七公主这才恍然大悟,笑着抱着德妃的胳膊撒娇:“果然还是额娘聪明!”
“你啊,虽说打小比你姐姐机灵些,但到底还是小孩心性。”德妃摇了摇头说:“这些宫里头的规矩你都得学起来,日后好好照看你十四弟,明白吗?”
七公主眼睛低垂着乱转了会儿,止不住地撇嘴,最后这夺嫡赢家可是四哥,额娘怎么还是一门心思扑在十四弟身上。
“额娘,我今儿也是想和四哥多亲近,您看如今四哥多得皇阿玛欢心,等以后四哥再大一些,不是更能好好照料十四弟吗?”七公主照常见缝插针劝德妃,“所以额娘您该对四哥热情一点,有个贴心的儿子又不是什么坏处。”
“你怎么就这么喜欢你四哥?”德妃已经从最开始听七公主提起四阿哥的大发雷霆到如今的疲惫无奈了,“你出生的时候他就已经在长春宫了,你和他打小也没怎么见过。”
提起这个德妃就百思不得其解。
七公主也不好说破,只缠着德妃让她一定要对胤禛好一点,平时遇见了嘘寒问暖两句也好。
“行了,你就别念经了。”
德妃让她打住,不过说起胤禛,她还真想起今日在寿宴上,皇贵妃提起要给胤禛相看福晋的事来,按理来说,胤禛要指婚,也得在她这个生母面前过一遍才是,有一句话永安倒是没说错,她既然已经怀胎十月千辛万苦地把胤禛生下来了,那还不如让他能为她这个额娘做点事。

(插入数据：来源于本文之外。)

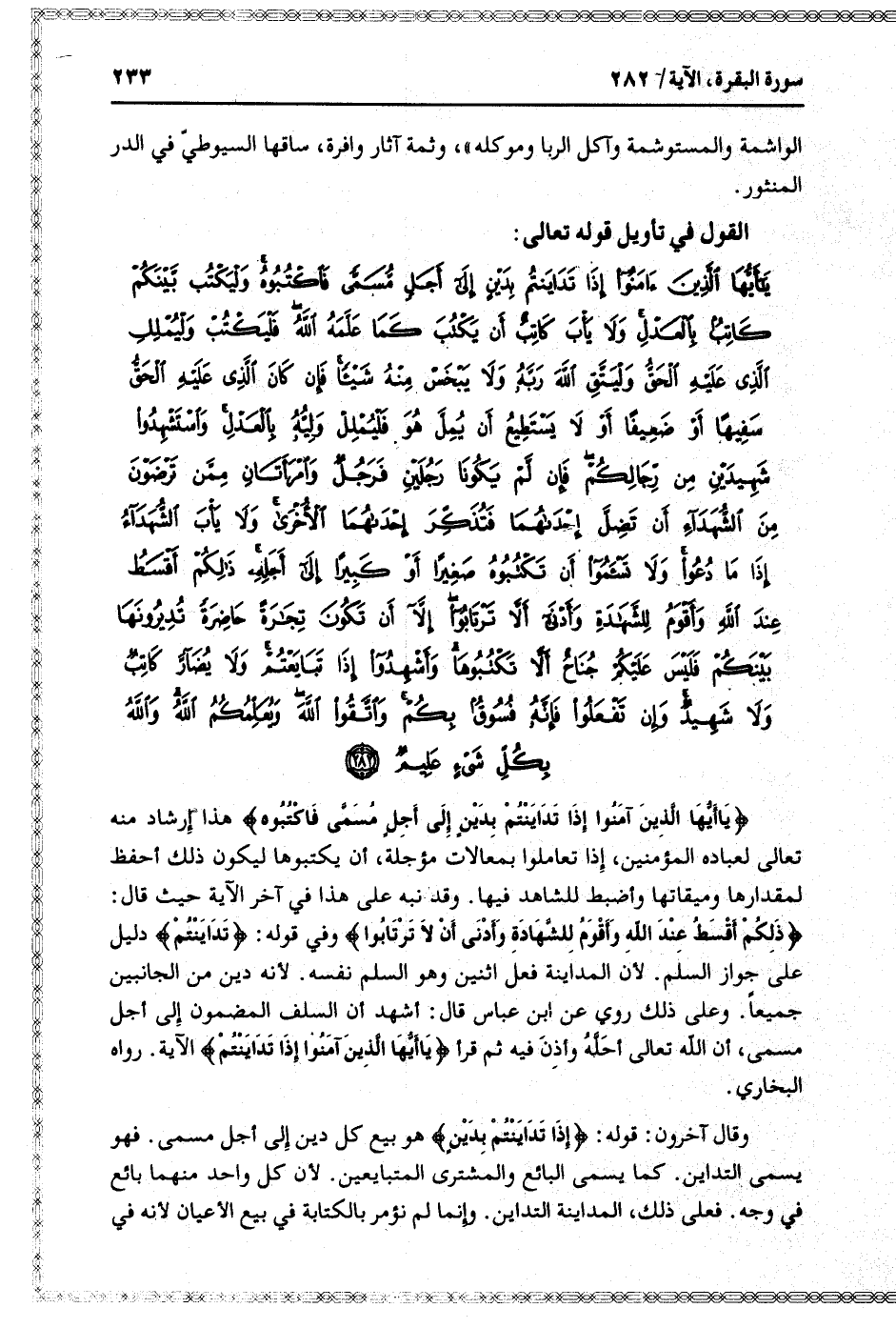 يا أَيُّهَا الَّذِينَ آمَنُوا إِذا تَدايَنْتُمْ بِدَيْنٍ إِلى أَجَلٍ مُسَمًّى فَاكْتُبُوهُ وَلْيَكْتُبْ بَيْنَكُمْ كاتِبٌ بِالْعَدْلِ وَلا يَأْبَ كاتِبٌ أَنْ يَكْتُبَ كَما عَلَّمَهُ اللَّهُ فَلْيَكْتُبْ وَلْيُمْلِلِ الَّذِي عَلَيْهِ الْحَقُّ وَلْيَتَّقِ اللَّهَ رَبَّهُ وَلا يَبْخَسْ مِنْهُ شَيْئاً فَإِنْ كانَ الَّذِي عَلَيْهِ الْحَقُّ سَفِيهاً أَوْ ضَعِيفاً أَوْ لا يَسْتَطِيعُ أَنْ يُمِلَّ هُوَ فَلْيُمْلِلْ وَلِيُّهُ بِالْعَدْلِ وَاسْتَشْهِدُوا شَهِيدَيْنِ مِنْ رِجالِكُمْ فَإِنْ لَمْ يَكُونا رَجُلَيْنِ فَرَجُلٌ وَامْرَأَتانِ مِمَّنْ تَرْضَوْنَ مِنَ الشُّهَداءِ أَنْ تَضِلَّ إِحْداهُما فَتُذَكِّرَ إِحْداهُمَا الْأُخْرى وَلا يَأْبَ الشُّهَداءُ إِذا ما دُعُوا وَلا تَسْئَمُوا أَنْ تَكْتُبُوهُ صَغِيراً أَوْ كَبِيراً إِلى أَجَلِهِ ذلِكُمْ أَقْسَطُ عِنْدَ اللَّهِ وَأَقْوَمُ لِلشَّهادَةِ وَأَدْنى أَلاَّ تَرْتابُوا إِلاَّ أَنْ تَكُونَ تِجارَةً حاضِرَةً تُدِيرُونَها بَيْنَكُمْ فَلَيْسَ عَلَيْكُمْ جُناحٌ أَلاَّ تَكْتُبُوها وَأَشْهِدُوا إِذا تَبايَعْتُمْ وَلا يُضَارَّ كاتِبٌ وَلا شَهِيدٌ وَإِنْ تَفْعَلُوا فَإِنَّهُ فُسُوقٌ بِكُمْ وَاتَّقُوا اللَّهَ وَيُعَلِّمُكُمُ اللَّهُ وَاللَّهُ بِكُلِّ شَيْءٍ عَلِيمٌ (282)

胤禛和长春宫是太亲近了,她是拗不过来,不过他的福晋她倒是可以挑一个自己人。
德妃正想着,瞧见有四五个太监打着灯笼,迎着一个身穿斗篷的人从龙光门穿过去了,径直向太子住的毓庆宫而去。
这瞧着不像是宫里的,倒像是宫外的人。
“这个时辰了,怎么还有人进宫?”德妃轻声问一旁的贴身宫女如意。
如意回道:“听说今儿皇上有恩旨,允索额图大人进宫探望太子。”
“哦,原来是索额图。”
索额图进宫见太子也不是什么稀奇事,德妃也没太在意,又继续往永和宫的方向去。
倒是她的小女儿在一边不知道嘟囔什么,德妃低头问她在说什么,只见她扬起小脸笑嘻嘻地说:“额娘,您说太子以后会当皇上吗?”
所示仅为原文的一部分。